Encoding the CACHE_DIGEST frame as an HTTP Header

On some web browsers that support Service Workers {{Service-Workers}} but not Cache Digests (yet), it is possible to achieve the benefit of using Cache Digests by emulating the frame using HTTP Headers.

For the sake of interoperability with such clients, this appendix defines how a CACHE_DIGEST frame can be encoded as an HTTP header named Cache-Digest.

The definition uses the Augmented Backus-Naur Form (ABNF) notation of {{RFC5234}} with the list rule extension defined in {{RFC7230}}, Section 7.

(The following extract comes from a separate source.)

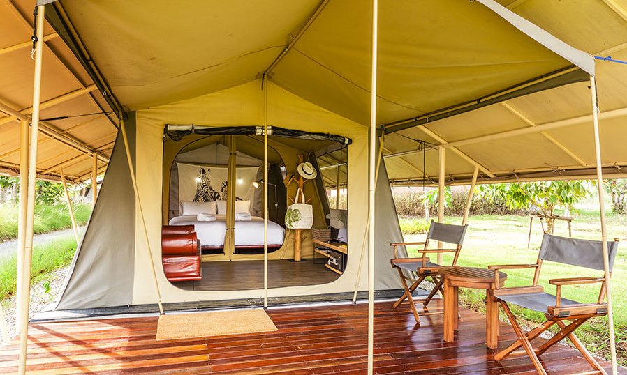 เปลี่ยนบรรยากาศห้องพักแบบบ้าน ไปนอนเต๊นท์สไตล์ซาฟารีโดยไม่ต้องรอ Wonderfruit! ภายในมีสิ่งอำนวยความสะดวกครบทุกอย่าง เลือกได้ทั้งแบบห้องน้ำในตัวและห้องน้ำรวม แถมด้านในจะมีโทรทัศน์ ตู้เย็น กาน้ำร้อน และมินิบาร์สำหรับคนที่หิวบ่อยๆ อย่างเราด้วย ที่เจ๋งมากคือทุกเต๊นท์มีระบบรักษาความปลอดภัยอย่่างดี มีทั้งกุญแจล็อคและมีพี่รปภ.เดินตรวจตราทุกชั่วโมง แถมมีชุดบาร์บีคิวให้สั่งมาปิ้งกินใต้เเสงดาวด้วยนะ ดีไปอีก!

  Cache-Digest  = 1#digest-entity
  digest-entity = digest-value *(OWS ";" OWS digest-flag)
  digest-value  = <Digest-Value encoded using base64url>
  digest-flag   = token

A Cache-Digest request header is defined as a list construct of cache-digest-entities. Each cache-digest-entity corresponds to a CACHE_DIGEST frame.

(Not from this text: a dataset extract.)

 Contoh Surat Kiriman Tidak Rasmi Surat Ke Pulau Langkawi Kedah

Digest-Value is encoded using base64url {{RFC4648}}, Section 5. Flags that are set are encoded as digest-flags by their names that are compared case-insensitively.

Origin is omitted in the header form. The value is implied from the value of the :authority pseudo header. Client MUST only send Cache-Digest headers containing digests that belong to the origin specified by the HTTP request.

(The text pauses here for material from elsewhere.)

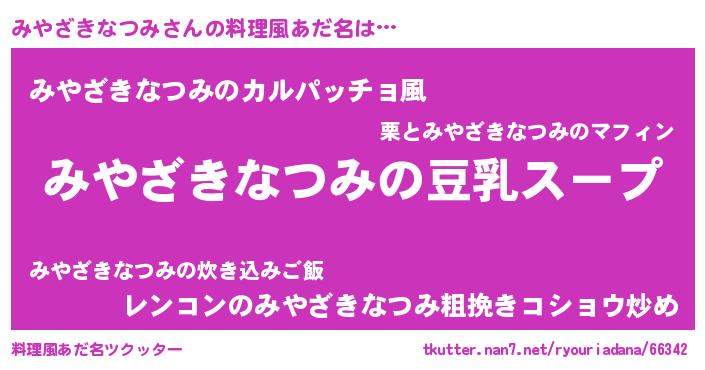 | 意味不明あだ名 | 『とにかく怪しいみやざきなつみ』 |

The example below contains a digest of one resource and has only the COMPLETE flag set.

  Cache-Digest: AfdA; complete

Clients MUST associate Cache-Digest headers to every HTTP request, since Fetch {{Fetch}} - the HTTP API supported by Service Workers - does not define the order in which the issued requests will be sent to the server nor guarantees that all the requests will be transmitted using a single HTTP/2 connection.

Also, due to the fact that any header that is supplied to Fetch is required to be end-to-end, there is an ambiguity in what a Cache-Digest header respresents when a request is transmitted through a proxy. The header may represent the cache state of a client or that of a proxy, depending on how the proxy handles the header.

Changes

Since draft-ietf-httpbis-cache-digest-05

  • None yet.

Since draft-ietf-httpbis-cache-digest-04

  • Remove ETag from the digest key calculations.
  • Add SETTINGS_ prefix to parameter names.

Since draft-ietf-httpbis-cache-digest-03

  • Yoav becomes an author; Mark steps down.

Since draft-ietf-httpbis-cache-digest-02

  • Switch to Cuckoo Filter.

Since draft-ietf-httpbis-cache-digest-01

  • Added definition of the Cache-Digest header.
  • Introduce ACCEPT_CACHE_DIGEST SETTINGS parameter.
  • Change intended status from Standard to Experimental.

Since draft-ietf-httpbis-cache-digest-00

  • Make the scope of a digest frame explicit and shift to stream 0.

Acknowledgements

{:numbered="false"}

Thanks to Stefan Eissing for his suggestions.